There is one consistent voice out there bagging the NBN - this is Kevin Morgan. He was at it again in yesterday's Age.
Kevin is a former policy officer for the technicians union and has been battling competition reforms and privatisation for years. It does seem somewhat strange that he now seems to come into battle on the side of the privatised Telstra, versus a new Government owned network. Perhaps it is just that defending the network operator has become ingrained.
But he really loses me when he argues that there is an inherent risk in building the network without the incumbent operator being involved. He spins a line about how the strong cash flows and balance sheet can provide security of funding. e however, in this point, also misses the inherent problem incumbents usually have of cannibalisation of that cash flow. Our most recent example was Telstra's reluctance to pursue early versions of ADSL offering sppeds of 256Kbps to "compete" with ISDN delivering speds of 128Kbps.

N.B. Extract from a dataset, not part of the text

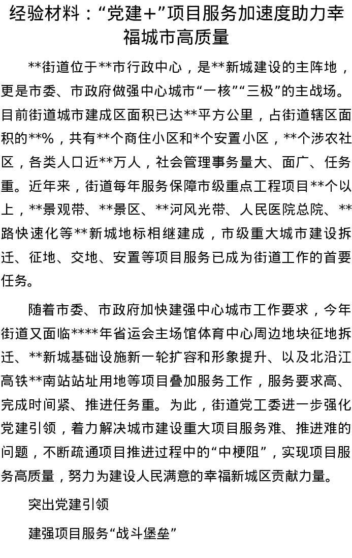 20220820经验材料:“党建+”项目服务加速度助力幸福城市高质量

But that wasn't the first instance. At the 1910 Royal Commissio into the postal service the director-general was questioned about telegram and long distance telephone call rates. He stated that he could drop the price of the telephone calls but it wouldn't make sense given what it would do to telegraph revenues!
Kevin's big call is;
The concept of a wholesale network can only work if access to high-speed broadband is deemed to be a social good, which is not measured by commercial rates of returns. Nevertheless, the Government believes its network can get a commercial rate of return that will attract private-sector investment in the short term and be successful to merit full privatisation five years after it is completed. The Government is deluding itself and squandering millions of dollars on a project that hasn't the remotest chance of commercial success.
In some ways I agree with him about the need to recognise there is a social return here not just a commercial one. I've already written here about part of that issue. There are lots of really easy ways to organise this venture to work.
The only other issue I'd mention is this belief that customers won't swarm to the NBN. Let's just note that a sensible NBN builder will be building in those parts of metropolitan markets where ADSL is not or only barely available. That's quite a bit for the first two years. Then you start building where even ADSL2+ gives you at most 4Mbps. We are now about five years into the build? Will the 40% of premises whose best offer in 2014 is ADSL2+ be clamouring for more...well just ask yourself what people in 2004 were after - that's right just about when ADSL started being challenged by ADSL 2+.
Time we all - including "independent" consultants - took a deep breath.